MATERIAL SUPPLIED —
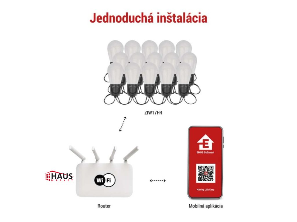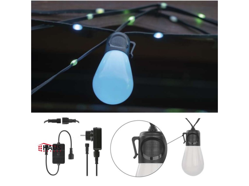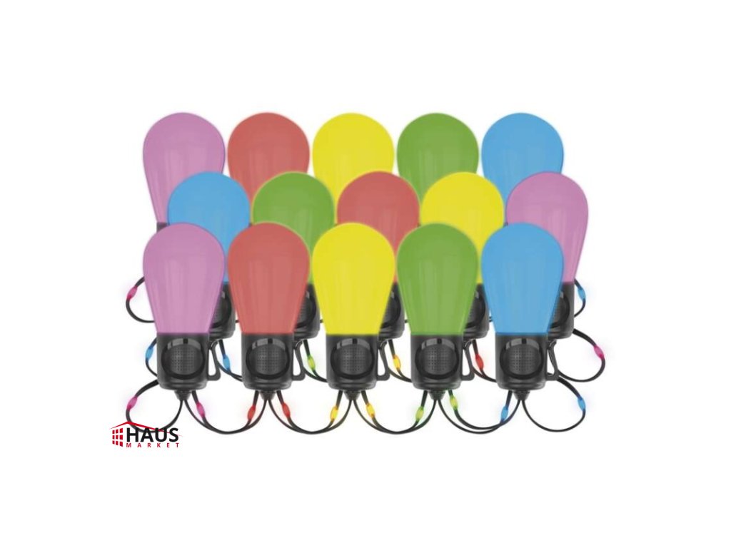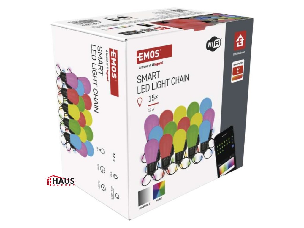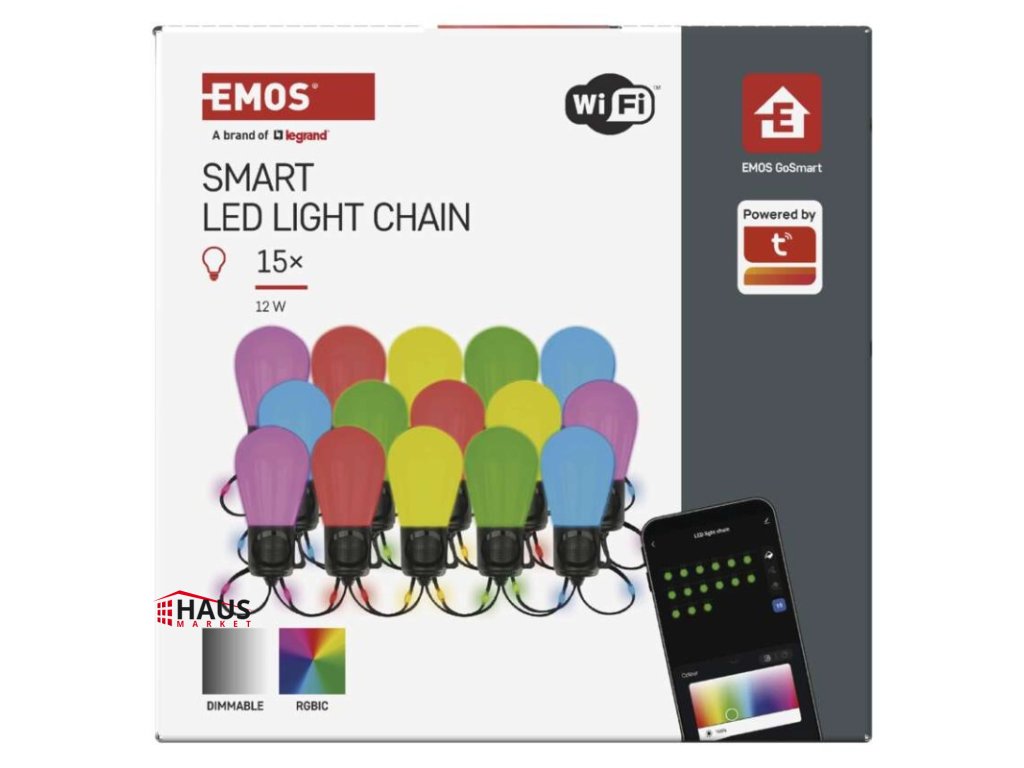 GoSmart LED svetelný reťazec – 15× párty žiarovky, 15 m, vonkajšie aj vnútorné, RGBIC WiFi
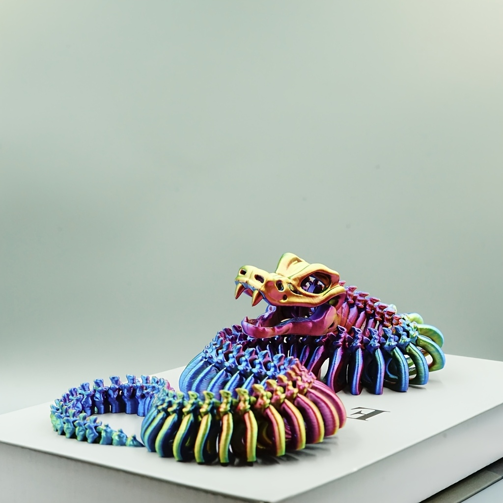 TEMU 3D 프린팅 고광택 뼈뱀 조각상 | 51.5cm 신비로운 뱀 조형물 | PLA 플라스틱 홈 데코, 레드-옐로우-블루/레드-골드 그라데이션 컬러
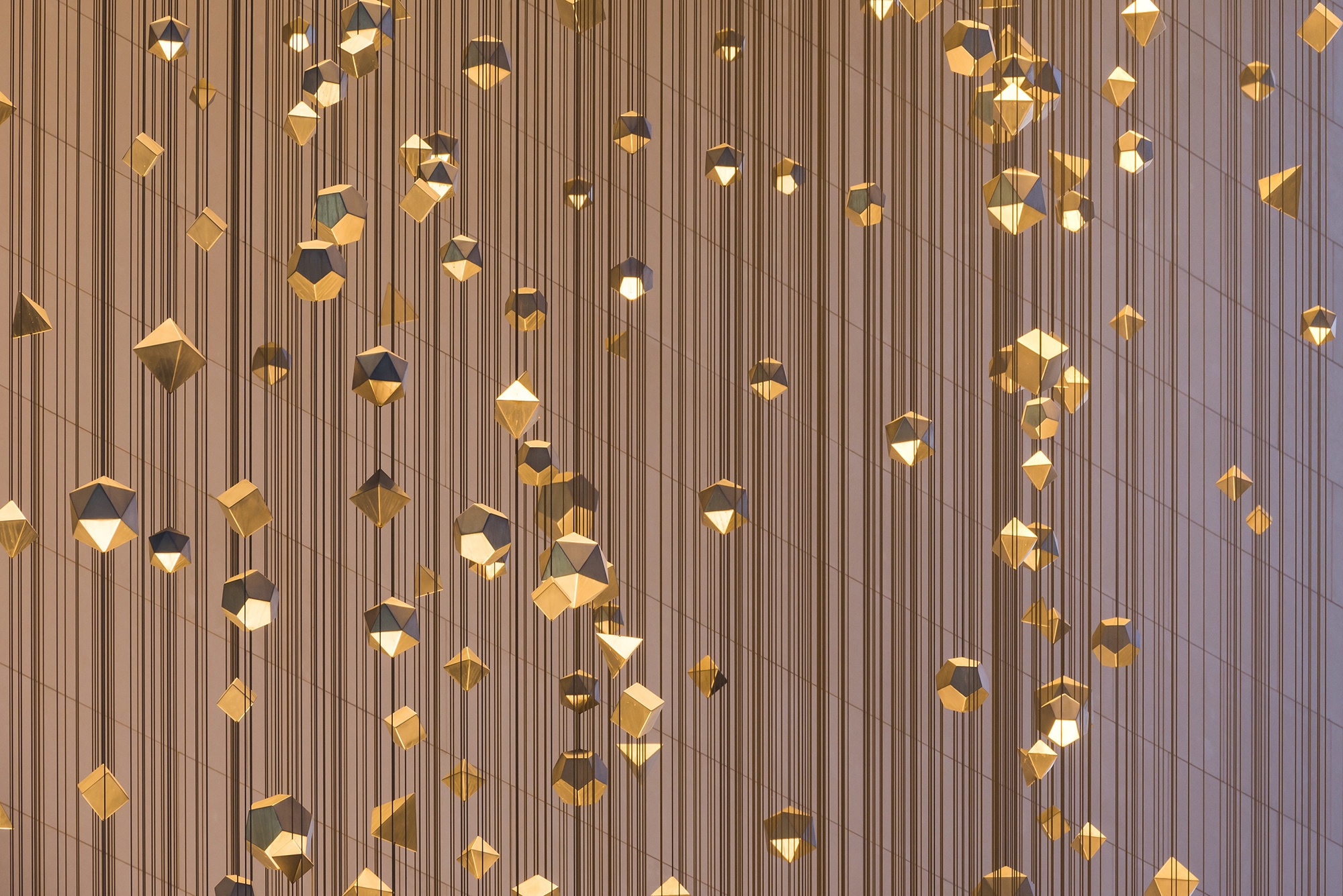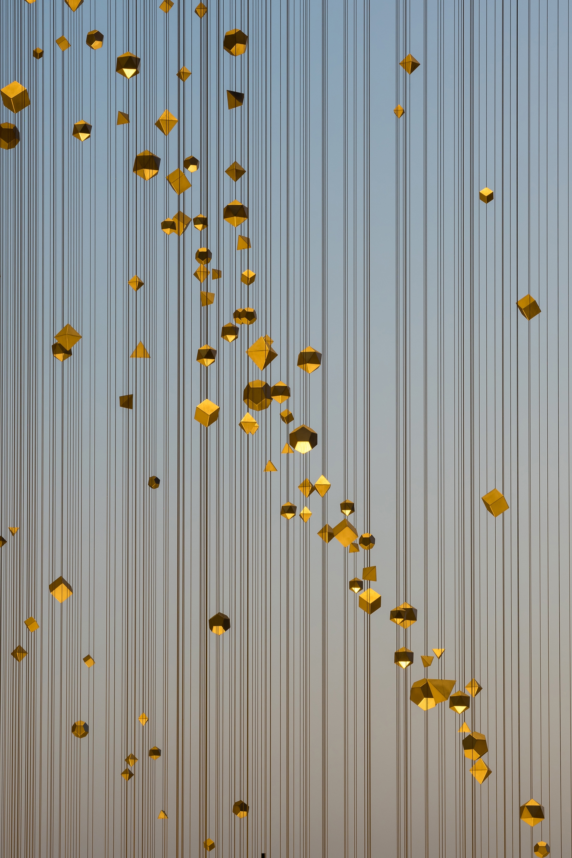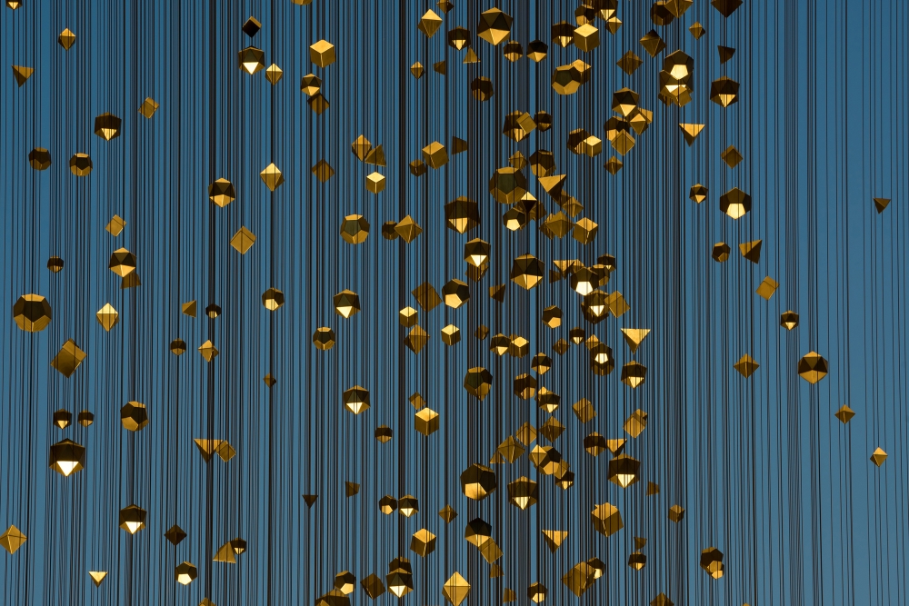 The Constellation consists of over one thousand three hundred geometric shapes suspended from more than one thousand tensioned cables. These elements are known as ‘platonic solids’, renowned for their mathematical beauty and symmetry. Each fixture is fitted with a 3.5w warm white LED and integral DMX control, enabling the exact tailoring of the lighting scheme to respond to the differing textures and forms that make up the artwork.
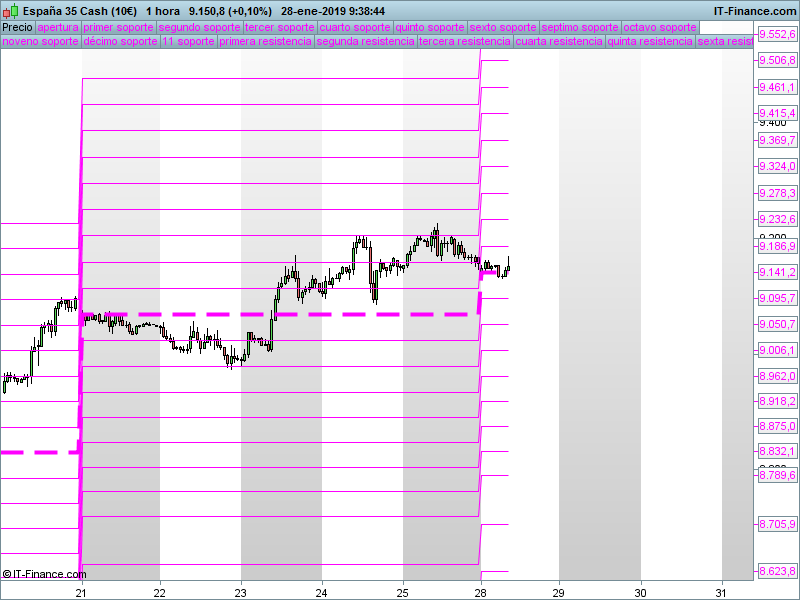SOR semanales 28/01 a 01/02/2019 Publicado por Julio Fdezel 28 enero, 2019SORs semanalesArrancamos una semana más y vamos a fijarnos en la posición de la cotización respecto al precio de apertura semanal y los SORs semanales.DAXStoxx50Ibex35sp500 Dow JonesNasdaq100 Seguir leyendoArtículo anterior Apertura de mercados 28/01/2019. Semana de FED y AppleArtículo siguiente Demostrado, los LEONES hacen lo contrario que las GACELAS.
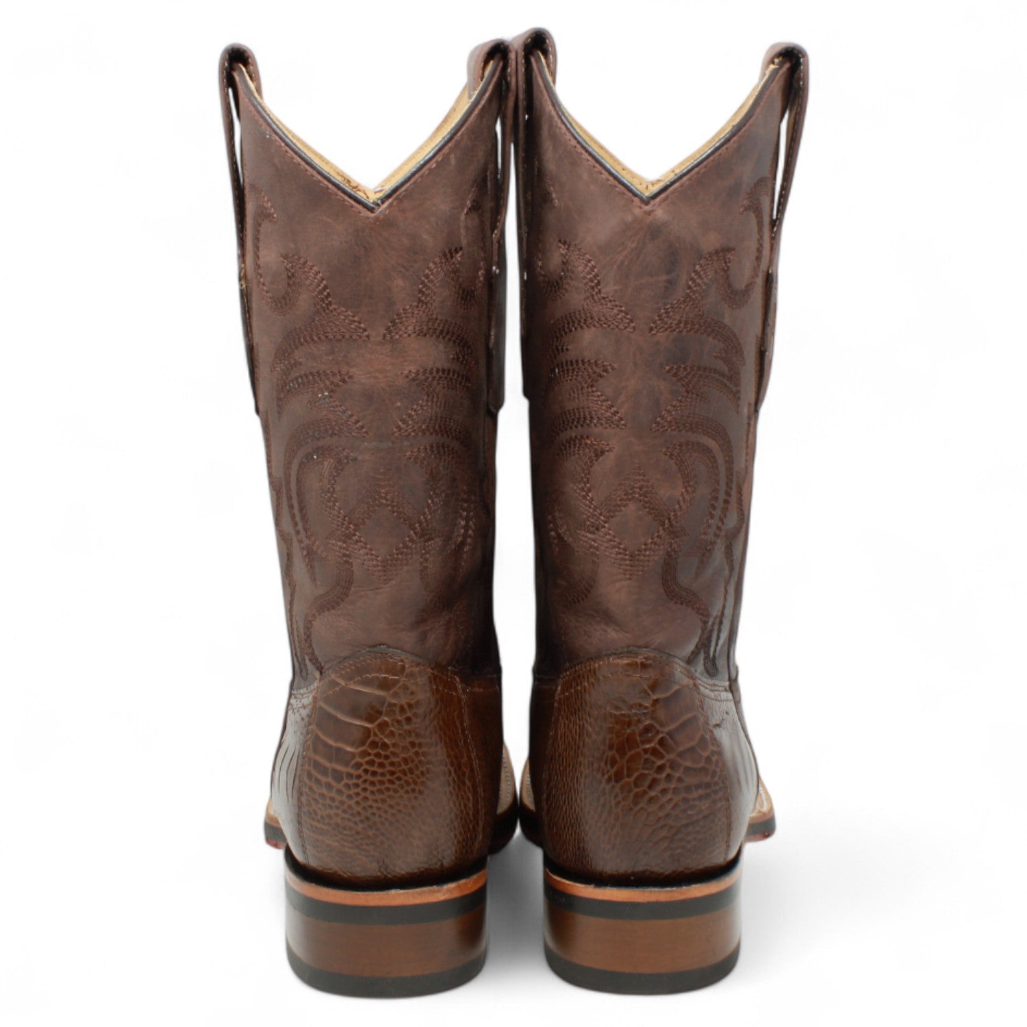 Botas de Avestruz Pata Original Punta Rodeo Cuadrada Ancha Color Cafe - Los Altos Boots
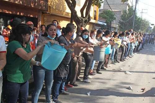 ▲ En estos dos terremotos, quienes se la jugaron fueron los mexicanos de a pie, los de todos los días, dispuestos a salvar vidas. En la imagen, una cadena humana para sacar escombros.Foto José Antonio López
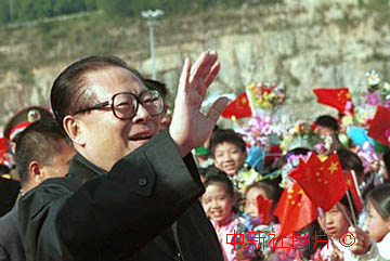 国家主席江泽民完成澳门政权交接盛典后,二十日飞离澳门前向各界人士招手致意。中新社传真 董会峰摄
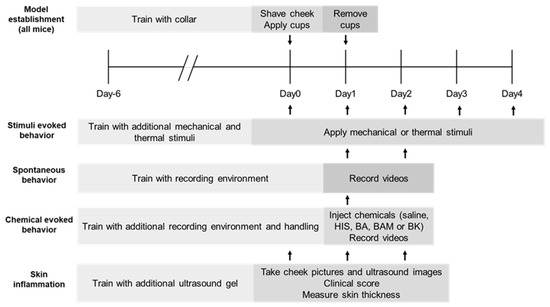 To induce the SLS ICD model, first, the mice were acclimated to the housing facility for 7 days, followed by 5 days of habituation to handling, the testing environment, and the wearing of an Elizabethan collar around the abdomen. The cheek skin was shaved (1 × 1 cm area) under brief anesthesia with isoflurane (2% in pure oxygen). Two days later, filter paper soaked in 5% SLS (Sigma, St. Louis, MO, USA) in distilled water or the vehicle (distilled water) alone was topically applied to the shaved cheek skin by means of a Finn chamber under brief anesthesia with 2% isoflurane and a flow rate of 300 mL/min of oxygen [22]. Cyanoacrylate was applied as a thin layer on the rim of the chamber to affix the cup to the skin. The Finn chamber (Yale Medical School Machine shop, New Haven, CT, USA) consisted of a polyether ether ketone (PEEK) cup (Trident Plastics, Warminster, PA, USA). The cup was a 8 mm diameter disk with a 1.5 mm wide rim around the edge of the disk and was 0.2–0.3 mm deep and could accommodate the thickness of a 5 mm diameter soaked filter paper. PEEK is a biocompatible plastic used in medical applications in orthopedic surgery and in dental implants, among other uses [40].
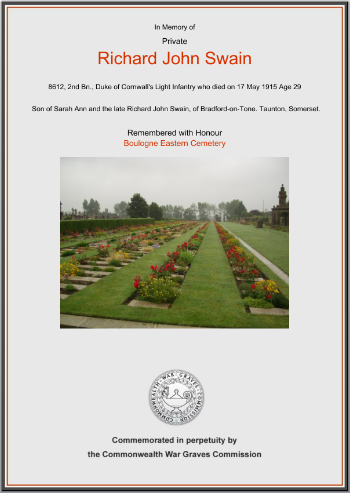 The recent casualty lists announce the death of Private R J Swain (8612) of the 2nd Duke of Cornwall’s Light Infantry, who formerly lived at Stoke St Mary, and whose mother now resides at Three Bridges, Bradford [on Tone].
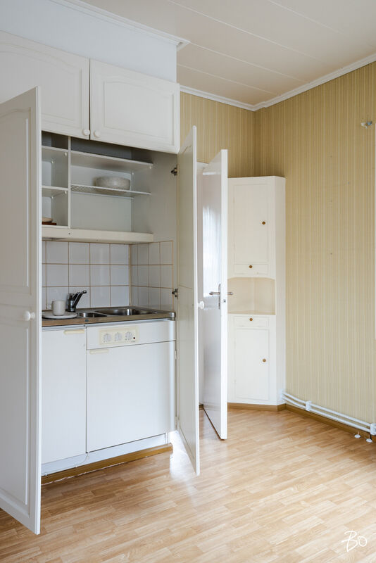 * Toisen kerroksen asunto: 2 huonetta, eteinen, keittokomero, kylpyhuone
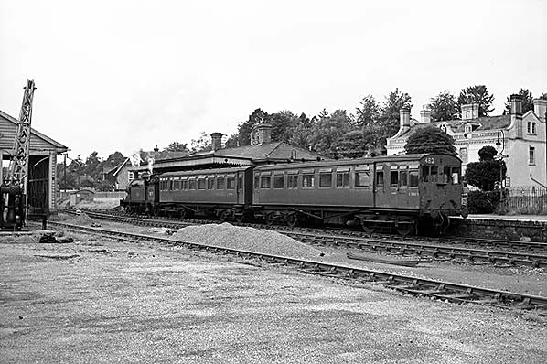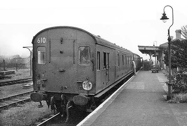![]() A 1950s, probably 1958, view of one of the ex-rail-motor push-and-pull sets at Westerham, on this occasion No.482. It was possibly taken at the same time as the other 1950s view taken from the west. The eight SE&CR rail-motors were converted into 4 x 2-car push-and-pull sets in the 1920s. Sets 481 and 482 were non-articulated, the other pair, 513 and 514 being articulated. The latter pair are not known to have ever operated on the Westerham branch. Apart from the obvious removal of the engine portion and addition of a bogie, the carriages seen above were little changed from their rail-motor form. The slightly narrower outer ends were originally the trailing ends of the rail-motors while the inner ends with single door originally butted directly to the rail-motor engine portion and had a slight roof end overhang which projected part way over the footplate. It could not form a solid, continuous roof over the footplate due to articulation between engine and carriage portions. In the converted form seen above, the carriages enjoyed a life almost thrice that of when in rail-motor form. Dates, especially when only an approximate year is given, of photographs showing these and the replacement Maunsell sets on the Westerham branch can be a little confusing as, it would seem, the two types worked turn and turn about until the full complement of 20 Maunsell sets had been converted.

WHAT YOU SHOULD DO — The lines to set down run from the line with "SOR semanales 28/01" up to and including the line with "Botas de Avestruz" in the entries above. Reproduce them exactly, with no pictures.

PROBLEM SOLUTION —
SOR semanales 28/01 a 01/02/2019 Publicado por Julio Fdezel 28 enero, 2019SORs semanalesArrancamos una semana más y vamos a fijarnos en la posición de la cotización respecto al precio de apertura semanal y los SORs semanales.DAXStoxx50Ibex35sp500 Dow JonesNasdaq100 Seguir leyendoArtículo anterior Apertura de mercados 28/01/2019. Semana de FED y AppleArtículo siguiente Demostrado, los LEONES hacen lo contrario que las GACELAS.
 Botas de Avestruz Pata Original Punta Rodeo Cuadrada Ancha Color Cafe - Los Altos Boots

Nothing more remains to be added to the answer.